By the time Atari formed, at least two games that were eerily similar to Pong had already been
produced. Both were purely analog devices. Both simulated Tennis with nothing
but electronic components. And both were totally free from any type of software. If you're
anything like me, then that realization should leave you with two big questions. Why did
Tennis find its way into the electronic realm at all.
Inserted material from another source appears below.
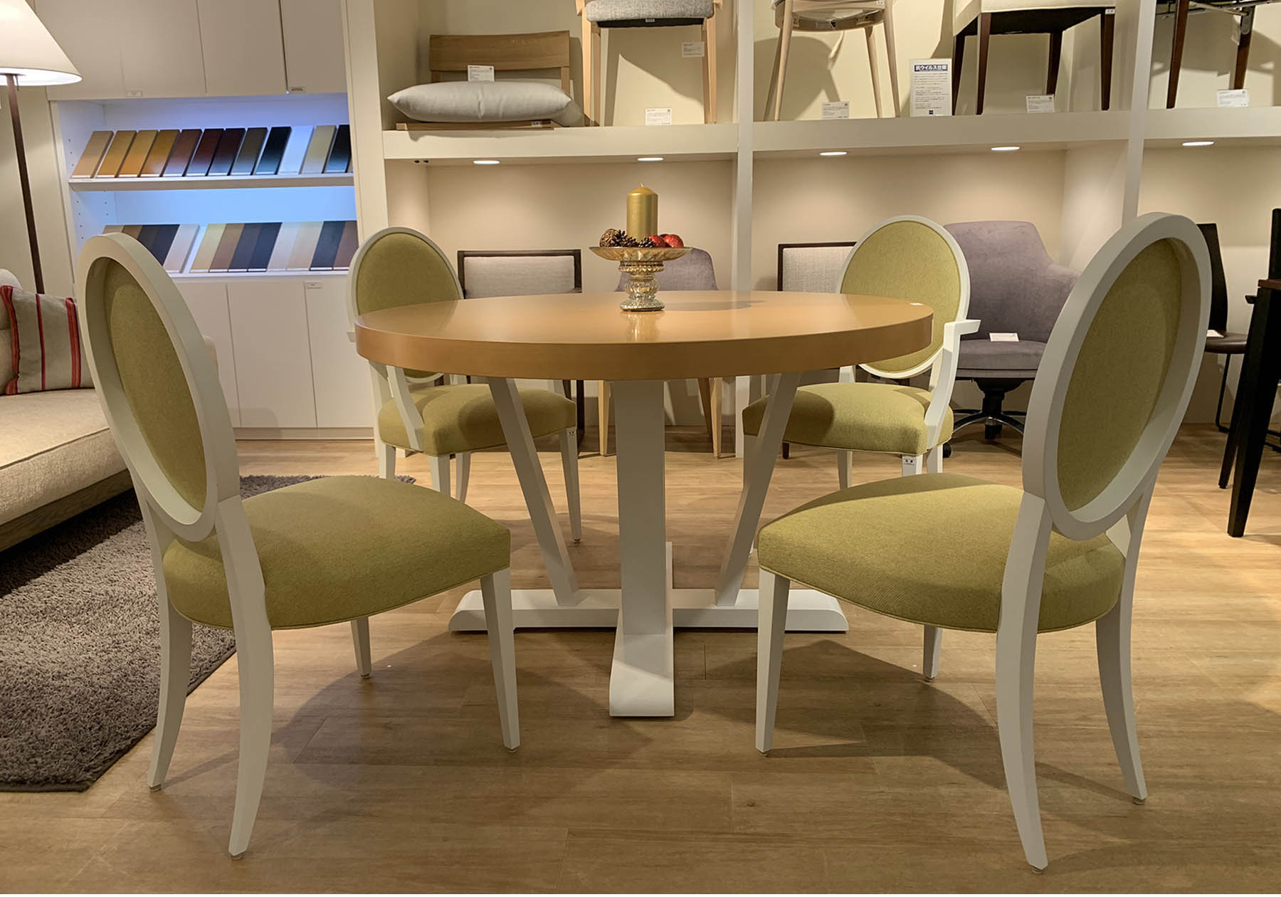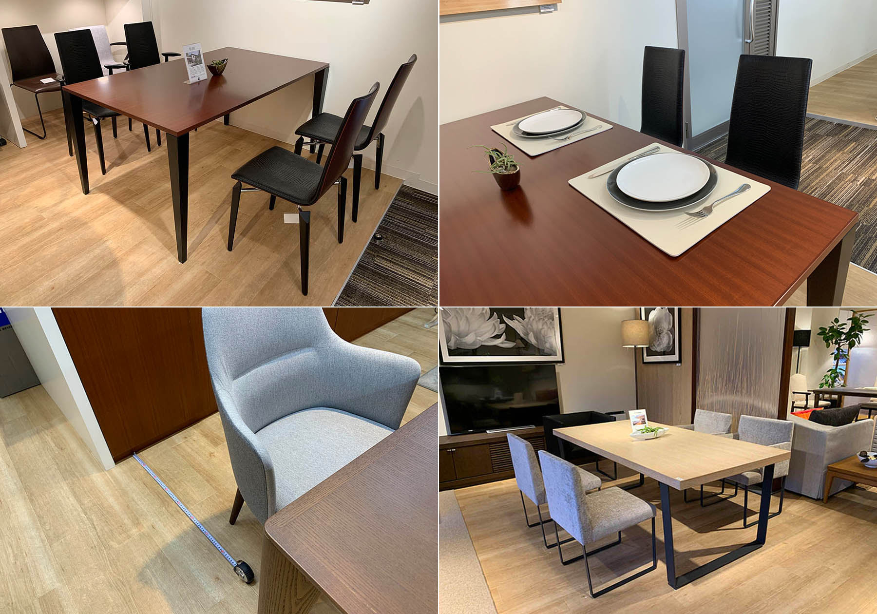 まずは、お部屋の広さと使用する人数でサイズを選びレイアウトを考えます。一般的に一人に必要なスペースは幅60~70cm、奥行きは40~50cmと言われています。1~2人用であれば90cm×90cm、4人用は150cm×90cmのサイズでゆったりお使いいただけます。名古屋・栄ショールームに展示をしているダイニングテーブルのSOTTILEは、150cm×90cmですので実際にお座りいただいてサイズ感をお試しいただけます。6人用は180cm×90cm、210cm×100cm、8人用では240cm×100cm以上のものが目安となります。W180cmのダイニングテーブルでも、四隅に脚を取り付けているものや、内側に入った位置に脚があるタイプなど、天板サイズが同じでもチェアを置く有効寸法はデザインにより異なります。脚間の有効寸法によりアームチェアとサイドチェア、スツールの組み合わせなどで変わりますので、ショールームの展示品を確認しながら生活スタイルに合わせてお選びください。また、奥行が90cm以上のダイニングテーブルは、中心にゆとりがありますのでお花やディスプレイを飾るなど、テーブルウェアを楽しむこともできます。来客が多かったり、食事以外にもお仕事や学習机替わりに使用する場合は、そのスペースも考慮したサイズ選びが必要です。快適にお使いいただくには目的に合ったサイズ選びが欠かせません。また、動線の確保も重要なポイントです。椅子を引くスペース70〜80cmや人が通るスペース60〜90cmは確保してください。ショールーム展示も動線を考慮してレイアウトしています。また、円形のテーブルも人気ですが、椅子が四方に出るため長方形のテーブルに比べて専有面積が広いので、スペースが充分に確保出来ない場合は長方形がおすすめです。テーブルのサイズや形状は、ご使用される人数や配置と合わせて必要な動線が取れるかも重要なポイントになります。ショールームでもダイニングセットの展示と合わせて、ご相談を承りますので図面をお持ちいただきお気軽にご相談ください。

And on a different note, does this mean that Atari stole the idea for Pong?
Welcome back to Advent of Computing.
I'm your host, Sean Haas, and this is episode 48, Electric Ping Pong.
Today, we're going to be taking a little diversion back into the realm of video games.
We're going to be looking at what's been called the first quote-unquote video game,
and really what that term actually means in regards to this creation.
But most of this episode isn't going to be about Atari's Pong.
That's not the first video game, not by a long shot.
As it turns out, Pong wasn't even the first tabletop tennis emulator out there.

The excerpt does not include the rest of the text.